Raw data:
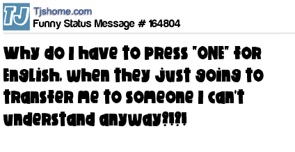 X says Why do I have to press "ONE" for English, when they just going to transfer me to someone I can't understand anyway?!?!
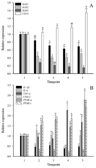 Temporal changes in the expression of selected genes in fibroblast-like synoviocytes (mean + SE). Real-time quantitative PCR was used to determine the ratio of the mRNA expression of the genes of interest relative to the control gene ribosomal protein lateral stalk subunit P0. Panel (A) represents HAS1–3 = hyaluronan synthase 1–3 and CD44 = cluster of differentiation 44. Panel (B) shows IL-1β/6 = interleukin-1β/6, TNF-α = tumor necrosis factor α, COX-2 = cyclooxygenase 2, and PPAR-α/γ = peroxisome proliferator-activated receptor α/γ. Timepoint 1 = lag phase, timepoints 2–3 = proliferating cells, timepoints 4–5 = high-density cells. Means with dissimilar letters indicate significant differences between timepoints (Kruskal–Wallis ANOVA, p < 0.05).
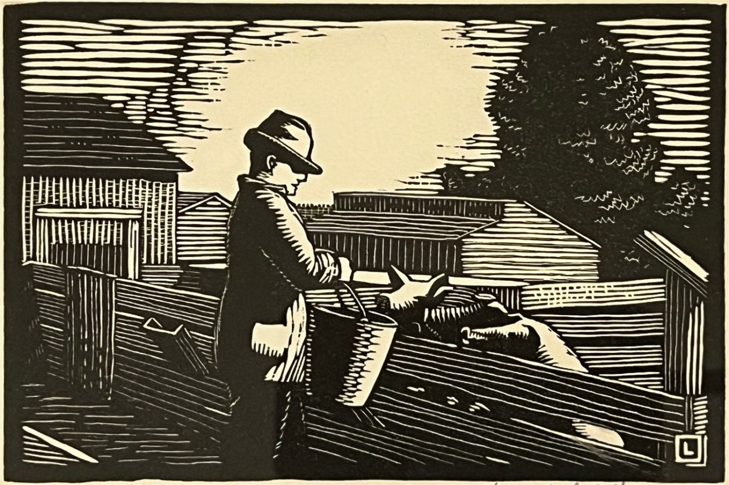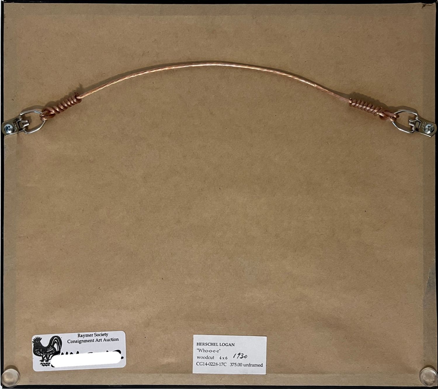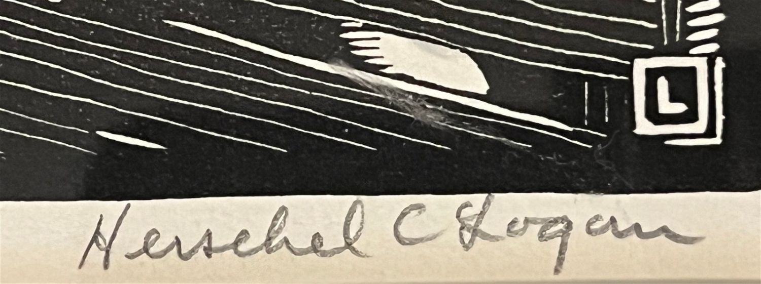 Logan, Herschel (1901-1987) "Who-o-e-e" woodcut block print, pencil signed lower right, good condition, image size: 4 x inches. Born in Magnolia, Missouri in 1901, and reared from early childhood on a farm near Winfield, Kansas, Herschel Logan was surrounded by common things and found them beautiful.Logan is distinguished among Midwestern artists for the force and vitality of his woodcut prints. He had never heard of woodcuts until he became employed in the art department of a Wichita printing company. He spent a year in the Chicago Academy of Fine Arts, taking all the drawing he could get in by day classes and studying by correspondence at night. He was also an eager student of design.By chance a customer of a Wichita printing firm urged Logan to go talk to Mr. C. A. Seward (1884-1939). That very evening he went to see Seward and learned for the first time about the making of woodcuts. The next day he set out to find a piece of cherry wood. Putting a fine edge on his pocket knife, he made his first woodcut print.The Kansas landscape he found along the roadside became the subject for many of his prints. Blazing sunlight effects in summer, falling snow and drifted farmsteads in winter are found in his prints. He often masses areas of black in contrast to splashes of light.As a charter member of the Prairie Print Makers Society, Herschel Logan (1901 – 1987) was recognized among his peers as one of the foremost printmakers in Kansas when the group was founded in 1930. Over his lifetime, Logan’s woodcuts received more than thirty prizes in art exhibitions throughout the region and U.S. They are represented in the permanent collections of the Library of Congress, New York Public Library and other esteemed institutions.Logan’s method of creating a woodcut is best documented in the book, Herschel Logan: Man of Many Careers by Anthony Lehman. He writes, "working either from photographs or field sketches, he would first make a rough outline on the block using tracing paper, then ponder the initial design for several days. After his imagination and innate artistic sense had a chance to function, the completed picture – which had largely evolved in his mind – was then realized on the wood." Generally, his editions numbered 50 prints.Logan made approximately 140 woodcuts from 1921 to 1938. In the early 1930s, he was named Art Director for Consolidated Printing in Salina and remained there until his retirement in 1967.Throughout his life, he was active in civic and service organizations, including the Masons and Rotary International. He was an authority on antique firearms, the Civil War, and active in the National Rifle Association – writing a monthly article for the National Rifleman magazine from approximately 1945 to 1965. He also created a cartoon called "the Colonel Says" that ran in the Salina Journal and was sponsored by Consolidated Printing. After he retired, Logan moved to Santa Ana, California, and began printing miniature books using a Baby Reliance Press.He died in Santa Ana in 1987.Although he created a limited amount of woodcuts, he established a reputation as one of the finest masters of the medium and received numerous awards in juried competitions. His prints have a decisively elegant aspect that makes them instantly recognizable.
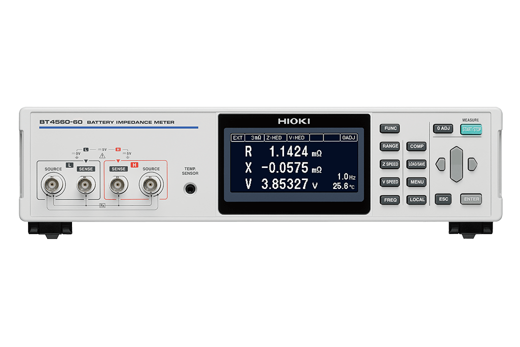 The Battery Impedance Meter BT4560-60 can make EIS(*1) measurements quickly and easily in applications ranging from R&D to manufacturing. With its wide EIS measurement frequency range of 0.01 Hz to 10 kHz, the BT4560-60 is especially suited for battery cell design research and development.
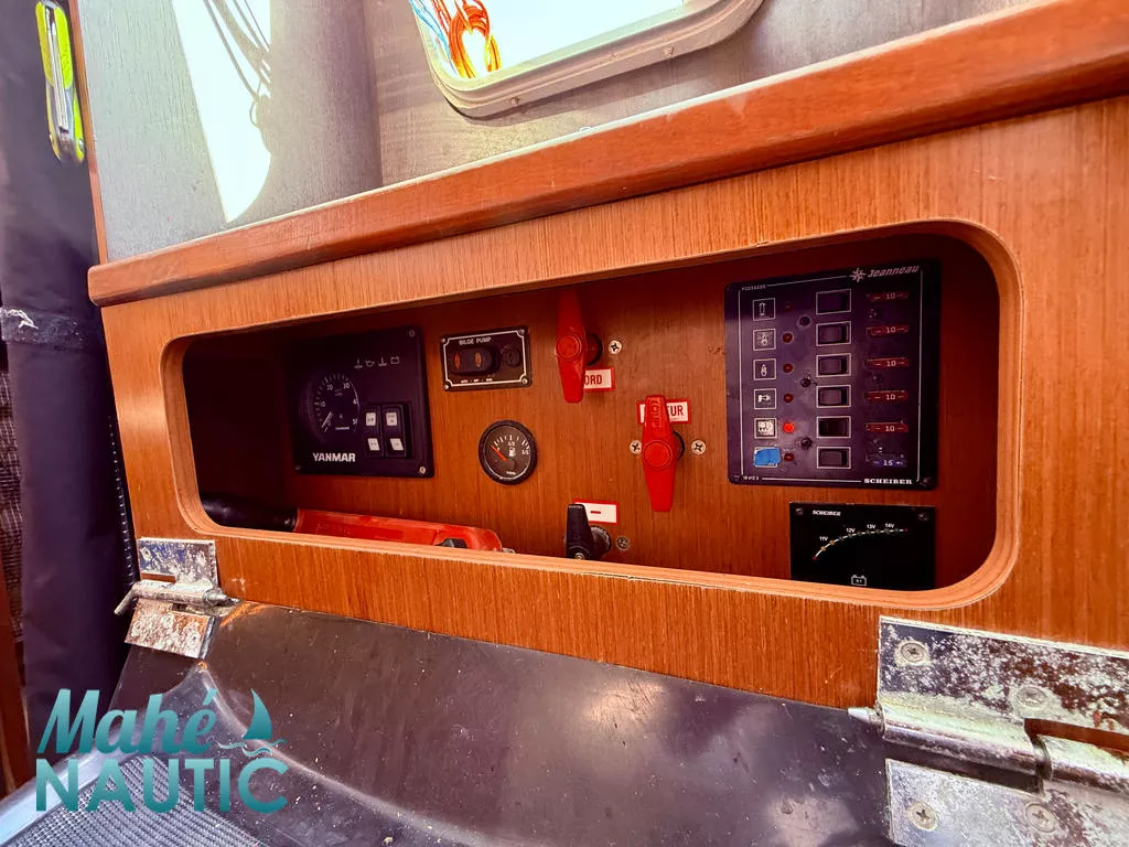 pompe à pied eau de mer, réchaud 2 feux, glacière 60L, rangements), 1 coin navigateur
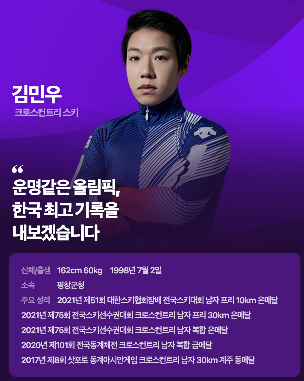 김민우 선수는 삿포로 동계 아시안게임에서 동메달리스트이며, 작년 전국대회에서 은메달을 획득했습니다.
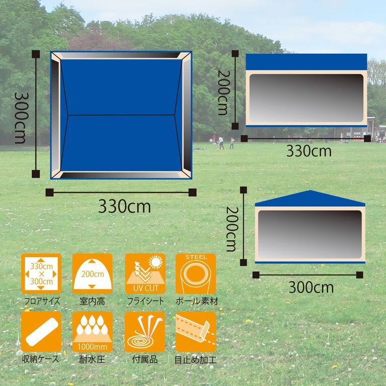 - Размер: длина 330 × ширина 300 × высота 200 см
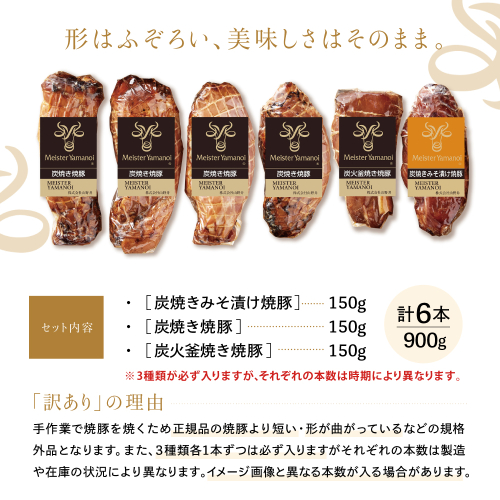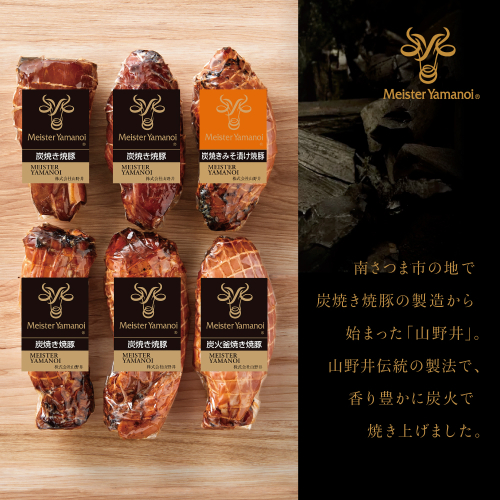 - 【訳あり ご自宅用】マイスター山野井 炭焼き焼豚 6本(3種)特別限定セット チャーシュー 焼き豚 オードブル 肉 豚肉 惣菜 おかず 家庭用 炭火 ラーメン お取り寄せ 詰め合わせ 詰合せ セット ご当地 食べ比べ 鹿児島 グルメ 冷蔵 南さつま市
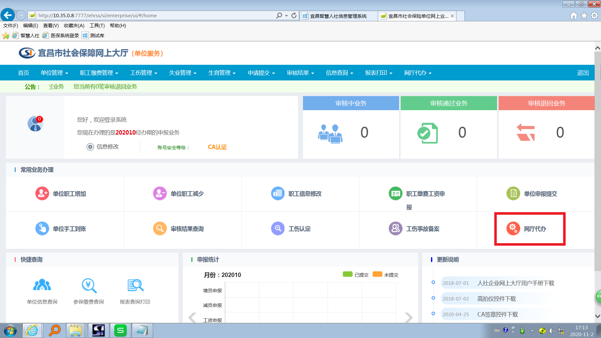 据悉,这四项社保业务多为参保单位出现经营异常情况后办理的事项,需要涉及到税务、社保经办机构等多个部门的关联资料,以往采取的“现场+邮箱”的办理模式,对一些早已离开宜昌的外地经办人员来说较为不便。此次接入“智慧人社”网办平台后,相关申请表格以及办理事项也全部上传至平台页面,单位经办人员可通过智慧人社系统直接在线上进行申报操作,从而解决了非正常缴费单位“来回跑腿”的问题。
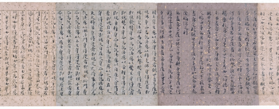本経は,平安時代院政期に書写された法華経一品経遺品で,平安貴族の嗜好を反映して美麗に意匠された装飾経である。表紙には白黄地紫飛雲に金銀切箔砂子を雲霞に散らしている。見返の経意絵は日輪の山の端より上がる図柄の大和絵で,観音菩薩の功徳を称えた経意を表したものであり,絵画資料としても著名なものである。料紙には白,紫,薄茶,藍打曇の色紙に金銀切箔を散らし,銀泥界を施している。
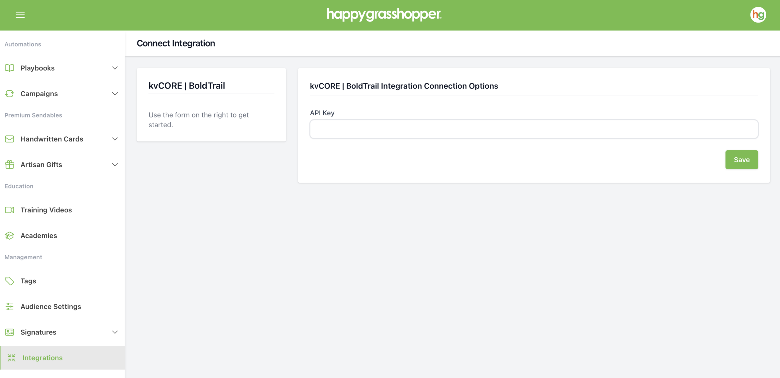 In Happy Grasshopper's left-hand menu, scroll down and click Integrations.
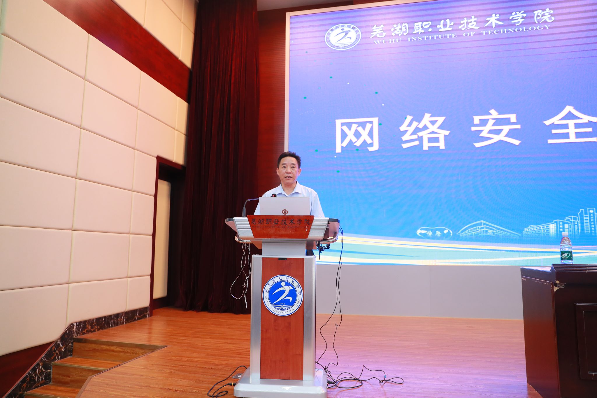 本次培训邀请网络安全工作资深专家、芜湖市公安局网络安全保卫支队支队长葛奚祥主讲。葛奚祥以“网络安全为人民,网络安全靠人民”为题,围绕国际国内网络安全形势、当前高校网络安全风险以及防范举措与对策等三个方面进行分析解读,宣传普及网络安全对于国家安全和经济运行的重要作用,就网络安全与人民群众的密切关系以及人民群众在维护网络安全中的重要地位进行说明,特别是对于当前高校师生如何防范网络风险以及有针对性的对策举措,结合有关案例做了深入浅出的解析。

Task prompt: Begin at the top of the records above and retype each line exactly until the line containing "Temporal changes in", which is included. Skip all pictures.

Answer to this exercise:
 X says Why do I have to press "ONE" for English, when they just going to transfer me to someone I can't understand anyway?!?!
 Temporal changes in the expression of selected genes in fibroblast-like synoviocytes (mean + SE). Real-time quantitative PCR was used to determine the ratio of the mRNA expression of the genes of interest relative to the control gene ribosomal protein lateral stalk subunit P0. Panel (A) represents HAS1–3 = hyaluronan synthase 1–3 and CD44 = cluster of differentiation 44. Panel (B) shows IL-1β/6 = interleukin-1β/6, TNF-α = tumor necrosis factor α, COX-2 = cyclooxygenase 2, and PPAR-α/γ = peroxisome proliferator-activated receptor α/γ. Timepoint 1 = lag phase, timepoints 2–3 = proliferating cells, timepoints 4–5 = high-density cells. Means with dissimilar letters indicate significant differences between timepoints (Kruskal–Wallis ANOVA, p < 0.05).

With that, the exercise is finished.